> Provided data:
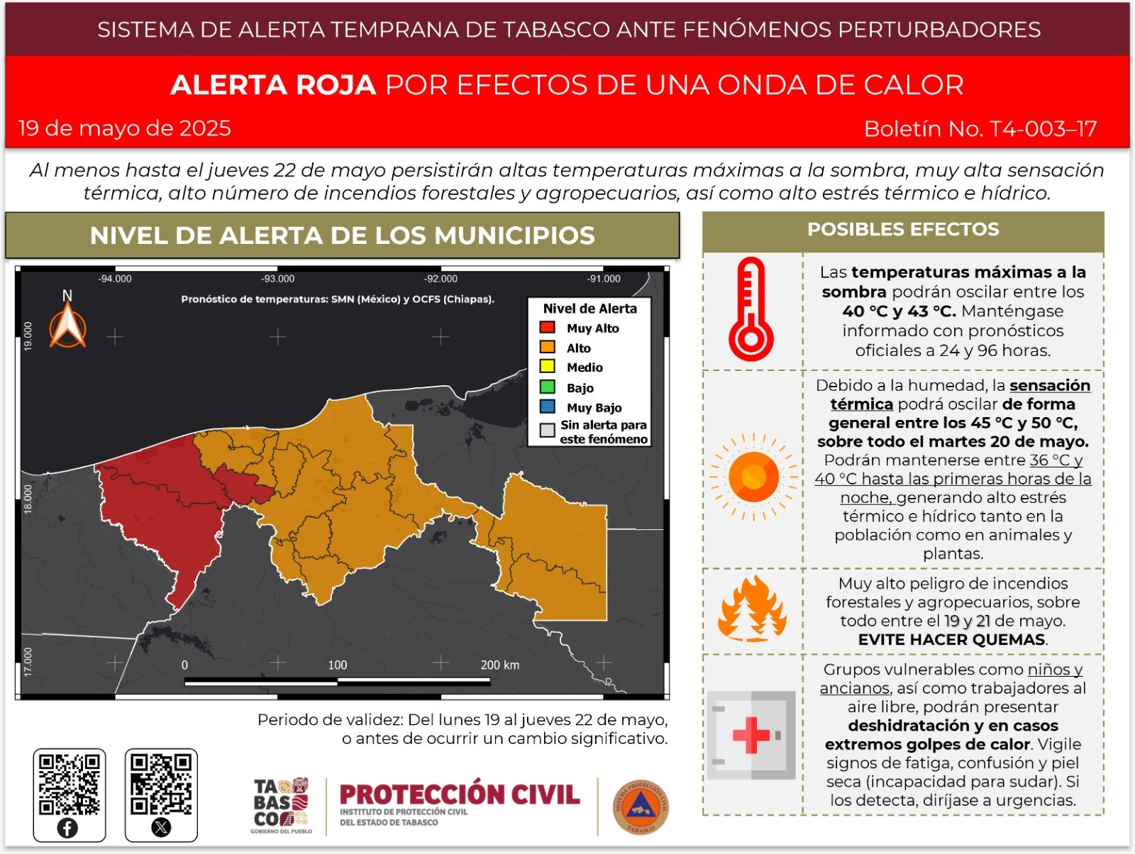 Estas precipitaciones contribuirían a disminuir las altas sensaciones térmicas, ya que desde este lunes hasta el miércoles 21 de mayo se estima que se registren las mayores sensaciones térmicas de la actual onda de calor, alcanzando entre 46 °C y 50 °C, especialmente en la región de la Chontalpa.
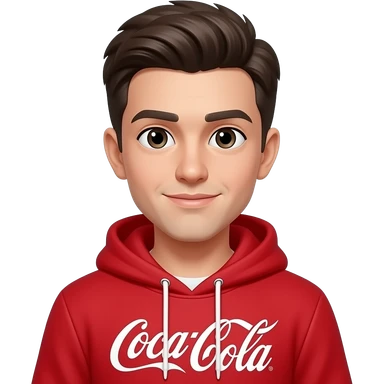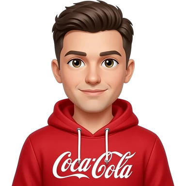 young man with taper fade + messy fringe wearing coca coka hoodir emoji | AI Emoji Generator
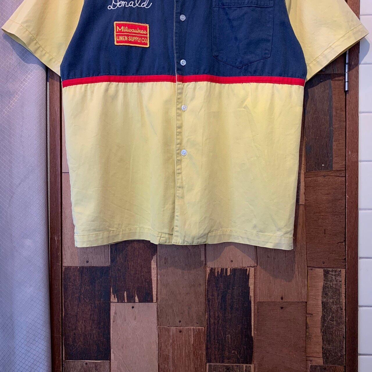 “H.S.T” lemon yellow base cotton wappen&embroidery design S/S open-collar shirt
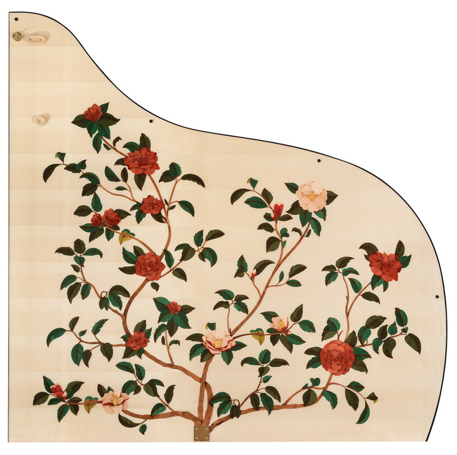 グランドピアノの屋根の内側に、異なる種類の木を使用したヨーロッパの伝統的な象嵌細工の技法による繊細な装飾を丁寧に施し、華やかな仕上がりと気品のある佇まいを実現しました。屋根の内側に描かれているデザインは、世界文化遺産・シェーンブルン宮殿の庭園にある大温室「パームハウス」で栽培されている椿の花から着想を得たものです。色付けした木材に焼いた砂で焦げ色をつけて陰影をつける伝統的なサンドシェーディング技法を用いて、細部まで美しくデザインされたピンクや赤のカメリアの花を優雅に表現し、鮮やかな立体感を演出しています。
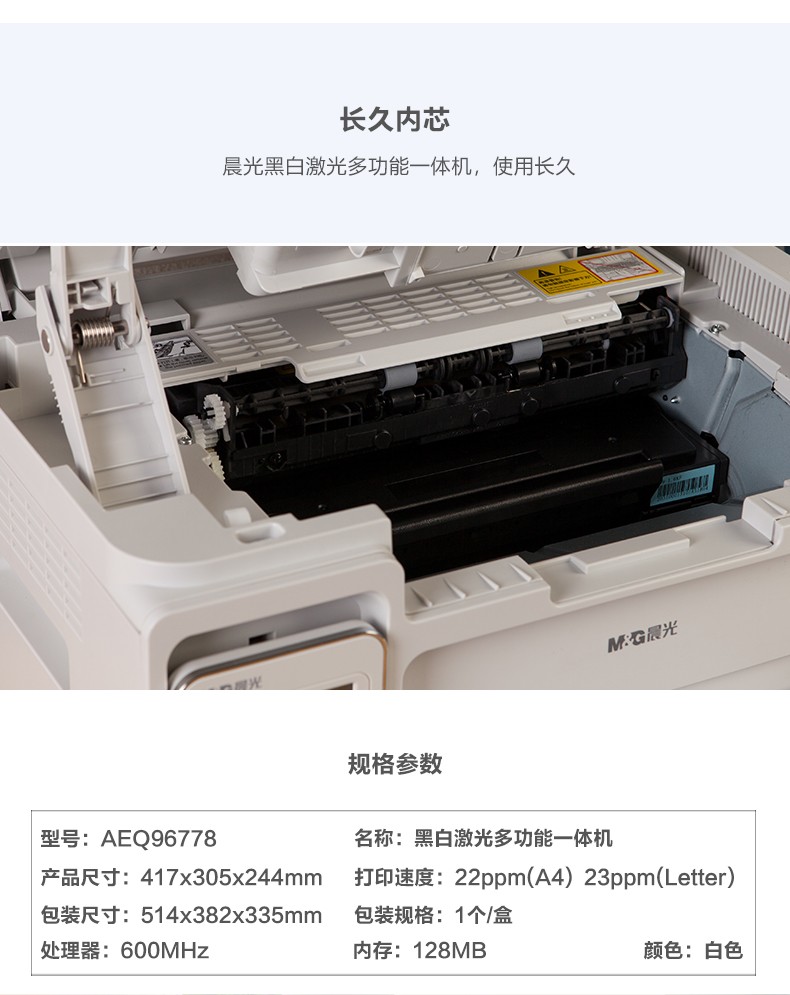 商品名稱:晨光AEQ96778 打印機(jī) A4黑白激光多功能一體機(jī)

> Task goal: Only the lines from the one containing "グランドピアノの屋根の内側に" through the last line of the entries should be transcribed, exactly and with no pictures.

> Worked solution:
 グランドピアノの屋根の内側に、異なる種類の木を使用したヨーロッパの伝統的な象嵌細工の技法による繊細な装飾を丁寧に施し、華やかな仕上がりと気品のある佇まいを実現しました。屋根の内側に描かれているデザインは、世界文化遺産・シェーンブルン宮殿の庭園にある大温室「パームハウス」で栽培されている椿の花から着想を得たものです。色付けした木材に焼いた砂で焦げ色をつけて陰影をつける伝統的なサンドシェーディング技法を用いて、細部まで美しくデザインされたピンクや赤のカメリアの花を優雅に表現し、鮮やかな立体感を演出しています。
 商品名稱:晨光AEQ96778 打印機(jī) A4黑白激光多功能一體機(jī)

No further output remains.